MATERIAL SHOWN →
= Beginning of Section =

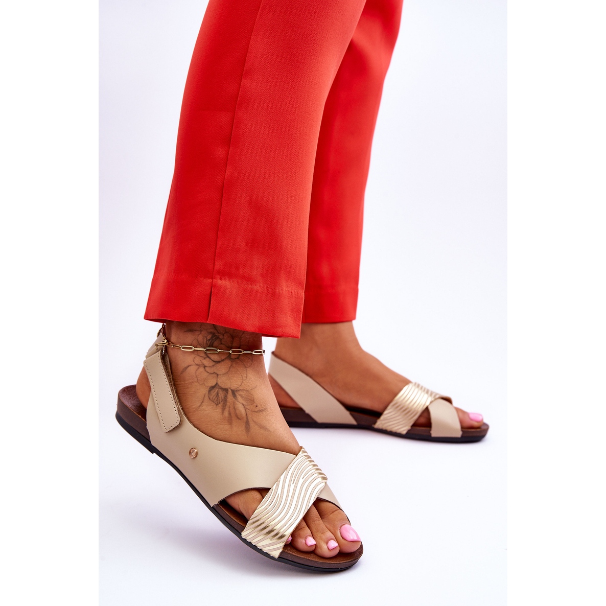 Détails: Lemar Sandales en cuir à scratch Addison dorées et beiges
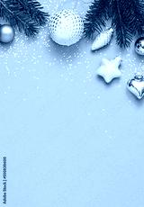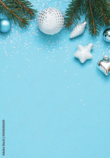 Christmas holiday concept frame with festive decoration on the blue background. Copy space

= End of Section =
= Beginning of Section =

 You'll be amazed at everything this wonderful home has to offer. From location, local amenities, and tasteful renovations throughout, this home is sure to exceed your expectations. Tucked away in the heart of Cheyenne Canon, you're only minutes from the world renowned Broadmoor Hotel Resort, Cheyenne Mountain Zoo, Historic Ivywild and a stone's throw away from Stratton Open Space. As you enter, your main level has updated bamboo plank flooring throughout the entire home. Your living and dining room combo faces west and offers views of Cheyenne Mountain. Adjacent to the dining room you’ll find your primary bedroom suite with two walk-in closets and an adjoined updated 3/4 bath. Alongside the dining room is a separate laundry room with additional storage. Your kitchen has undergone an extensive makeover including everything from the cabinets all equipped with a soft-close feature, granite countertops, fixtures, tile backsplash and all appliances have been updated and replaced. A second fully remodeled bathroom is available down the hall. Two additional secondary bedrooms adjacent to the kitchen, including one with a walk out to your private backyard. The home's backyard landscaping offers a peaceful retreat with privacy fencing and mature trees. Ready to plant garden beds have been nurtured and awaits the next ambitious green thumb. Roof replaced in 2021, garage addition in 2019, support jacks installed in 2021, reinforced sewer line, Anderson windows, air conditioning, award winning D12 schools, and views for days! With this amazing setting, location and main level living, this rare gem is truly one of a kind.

= End of Section =

YOUR TASK → Look through the material above. Transcribe exactly the lines between the ones with "Détails: Lemar Sandales" and "Christmas holiday concept", inclusive, and keep pictures out.

RESPONSE TO THIS EXERCISE →
 Détails: Lemar Sandales en cuir à scratch Addison dorées et beiges
 Christmas holiday concept frame with festive decoration on the blue background. Copy space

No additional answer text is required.